Coast FIRE Calculator
Discover if your current savings are enough to grow to your retirement goal without additional contributions. Get instant, accurate calculations with no signup required.
How it changes the math
Normally your FIRE number is annual spending divided by withdrawal rate. When you expect guaranteed income, only the gap needs funding: (spending - guaranteed income) divided by withdrawal rate. A smaller FIRE number means a smaller Coast FIRE number - and an earlier date you can stop saving.
To model it above, enter the spending you need to cover yourself: total annual retirement spending minus your expected annual Social Security or pension income.
A worked example with Social Security
Suppose you expect to spend $50,000 a year in retirement and anticipate $20,000 a year from Social Security.
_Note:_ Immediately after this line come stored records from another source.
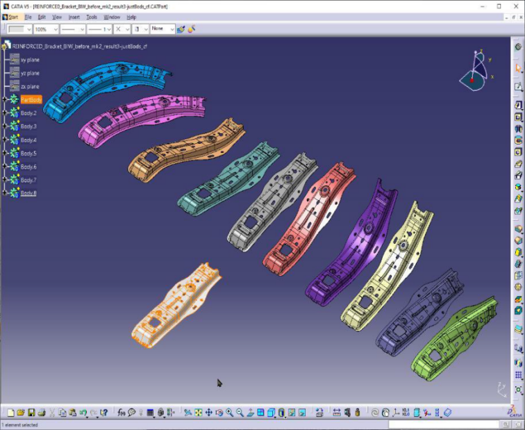 导出到CATIA V5(一个原始CAD、十个变形后的CAD)
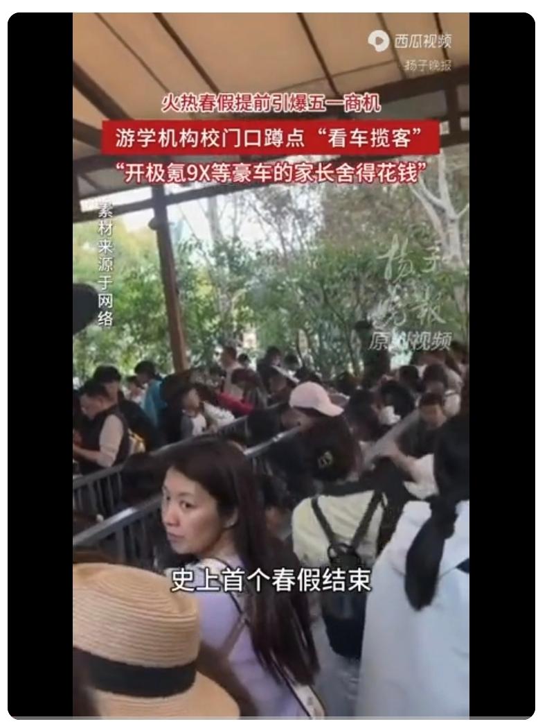 这段话反映了五一假期临近,春假期间的旅游和游学市场需求提前释放,带动相关商机快速升温。具体来看: 火热春假提前引爆五一商机:春假期间,许多家庭开始安排出游或游学活动,带动了旅游、教育培训等相关行业的消费热潮,也提前刺激了五一假期的市场需求。 游学机构校门口蹲点“看车揽客”:一些游学机构为了吸引家长和学生报名,选择在学校门口等学生家长聚集的地方“蹲点”,通过展示豪车等方式吸引注意力,进行现场推广和招生。 “开极氪9X等豪车的家长舍得花钱”:极氪9X作为高端豪华车型,开这种车的U家长通常经济条件较好,更愿意在孩子的教育和游学项目上投入较多资金,游学机构也瞄准了这一高消费群体。 整体来看,这体现了假期经济的提前发力和游学市场的激烈竞争,同时也反映出部分家长对高品质教育和体验式学习的重视。五一放春假 五一出游好处
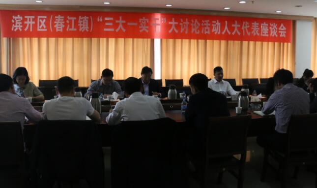 4月21日上午,滨开区(春江镇)组织部分人大代表召开了以“以生态宜居环境增创民生幸福新优势”为主题的“三大一实干”大讨论座谈会,18名人大代表参加了会议。
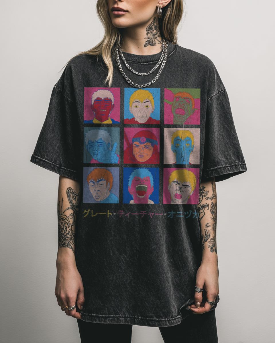 Are you ready to learn from the greatest (and wildest) teacher in anime history? Show your love for the legendary Eikichi Onizuka with this ‘GTO Onizuka faces’ graphic tee. This design captures the iconic expressions of the Great Teacher Onizuka, bringing the humor and charisma of the beloved anime and manga series to your wardrobe….

You only need your portfolio to cover the remaining $30,000. At a 4% withdrawal rate that is a $750,000 FIRE number instead of $1,250,000 - a difference of half a million dollars in what you need to accumulate. Discount that smaller target back to today and your Coast FIRE number drops just as sharply, pulling forward the date you can stop saving.
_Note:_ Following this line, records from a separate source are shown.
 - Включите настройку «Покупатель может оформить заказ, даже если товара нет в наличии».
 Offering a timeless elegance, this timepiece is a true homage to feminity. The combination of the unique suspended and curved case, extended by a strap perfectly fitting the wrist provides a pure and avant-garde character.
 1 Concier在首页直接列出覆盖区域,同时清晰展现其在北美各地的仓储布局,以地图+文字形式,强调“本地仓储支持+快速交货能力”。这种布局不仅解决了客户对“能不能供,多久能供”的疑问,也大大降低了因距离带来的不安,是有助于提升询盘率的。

To model this above, simply enter $30,000 - your spending net of guaranteed income - as your annual retirement spending. The result is a Coast FIRE number that already accounts for your benefit.
Where to find your benefit estimate
Do not guess at your Social Security income. In the United States, you can see a personalized estimate of your future monthly benefit by creating a free account at ssa.gov, which bases the figure on your actual earnings record. Your benefit depends on how much you have earned and the age at which you claim - claiming later, up to age 70, increases the monthly amount. Use a figure that matches your expected claiming age.
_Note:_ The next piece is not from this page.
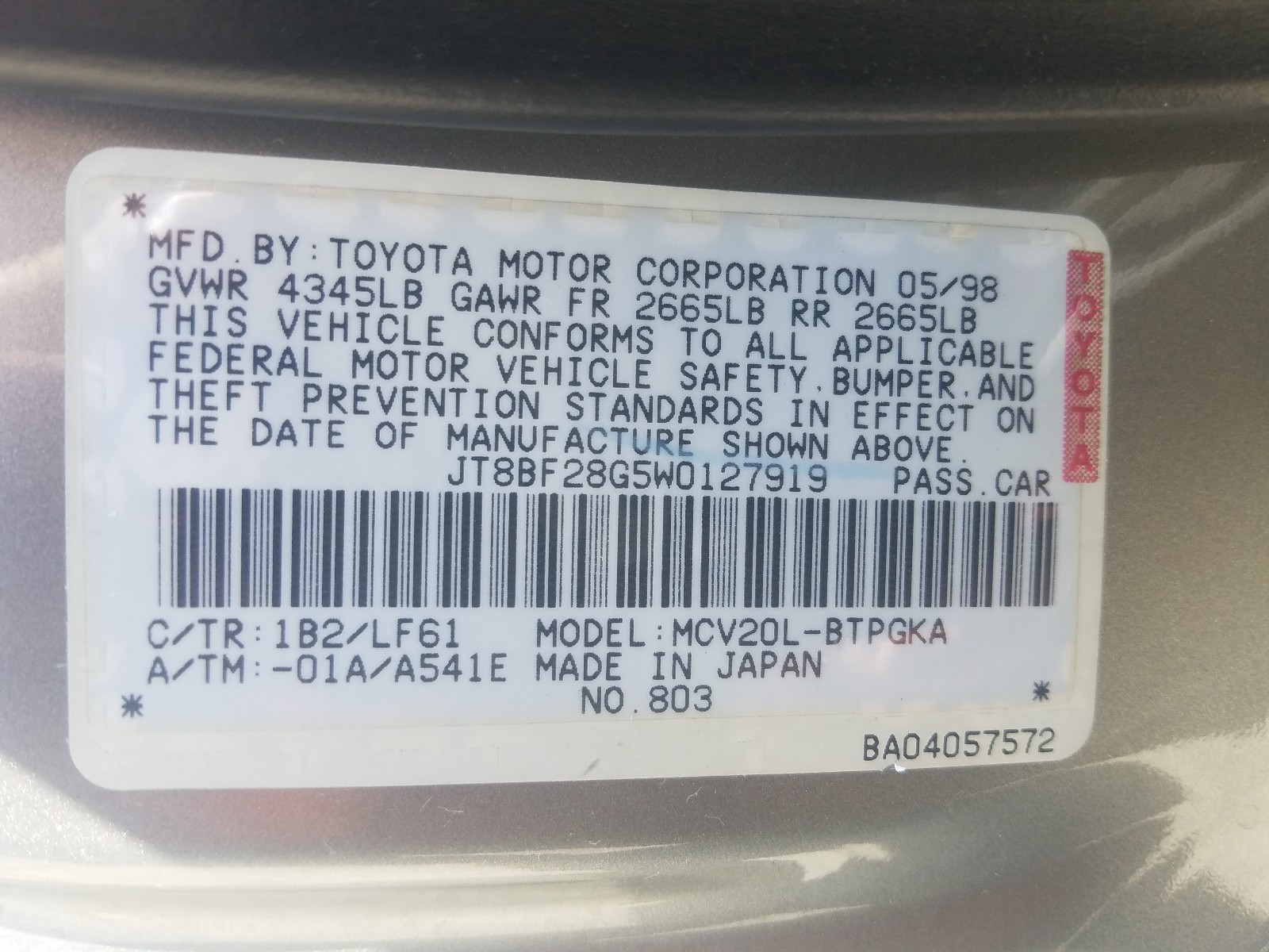 VIN: JT8BF28G5W0127919
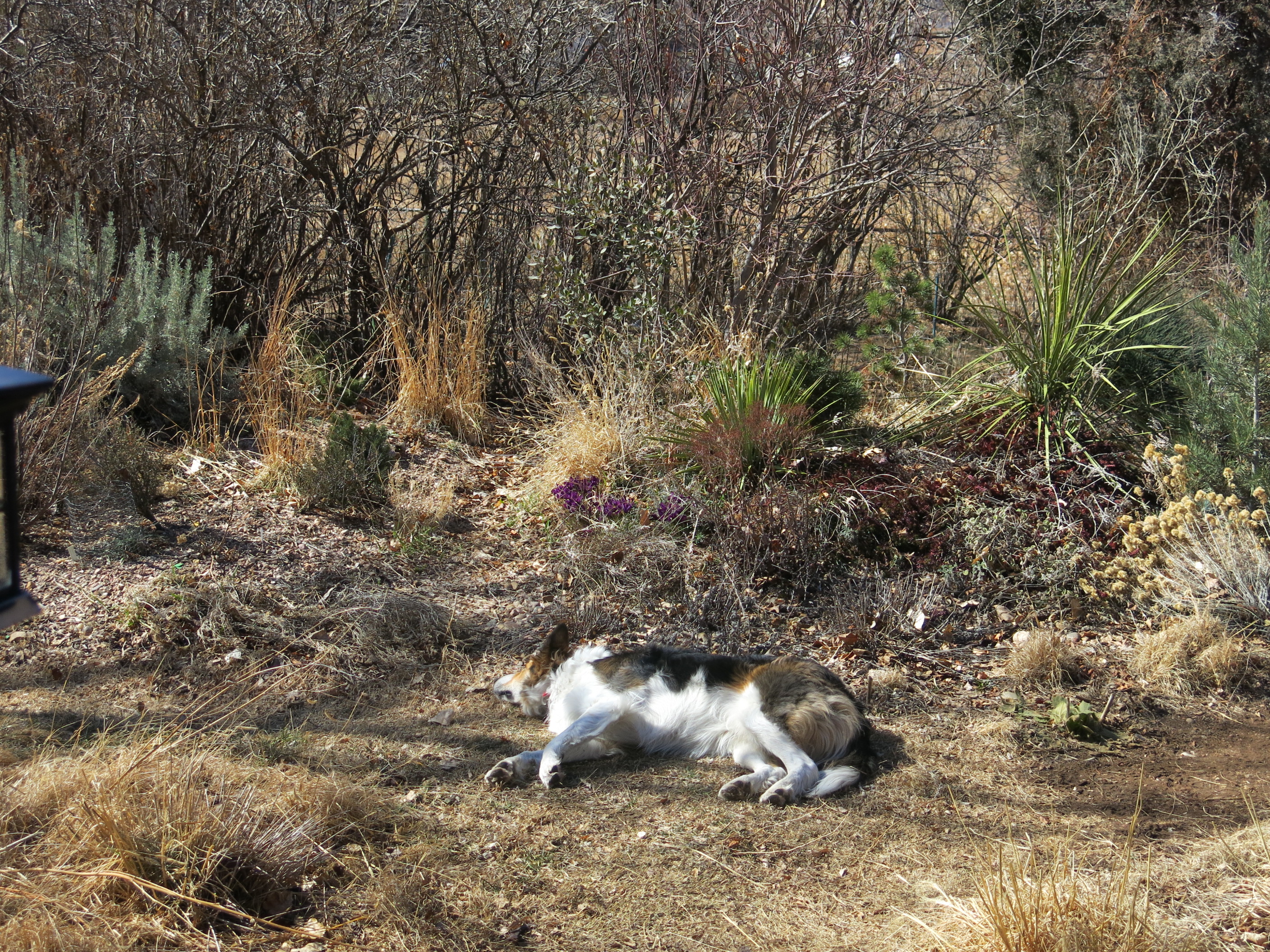 Sometimes I lie right next to the guy I live with when he works in the garden, which he likes, too. He told me that Chess, the purebred border collie who lived here before me, used to lie right next to the lady of the house when she worked in the garden, so there’s a kind of continuity there. Sometimes you need continuity, and sometimes you don’t. That’s what he said.

Pensions and other guaranteed income
Social Security is not the only income that lowers your number. A workplace pension, an annuity, rental income, or any other reliable stream works the same way: subtract its annual amount from your retirement spending before calculating, because your portfolio only needs to fund what those sources do not. The more of your spending that is covered by guaranteed income, the smaller the nest egg - and the Coast FIRE number - you need.
Should you count on it? The case for caution
Many people in the FIRE community deliberately leave Social Security out of their calculations and treat it as a margin of safety rather than a foundation. The reasoning is that benefit levels decades away carry political and personal uncertainty, and a plan that works without Social Security is more robust. A sensible middle path is to include a conservative fraction of your projected benefit - enough to reflect reality without betting your retirement on an optimistic figure.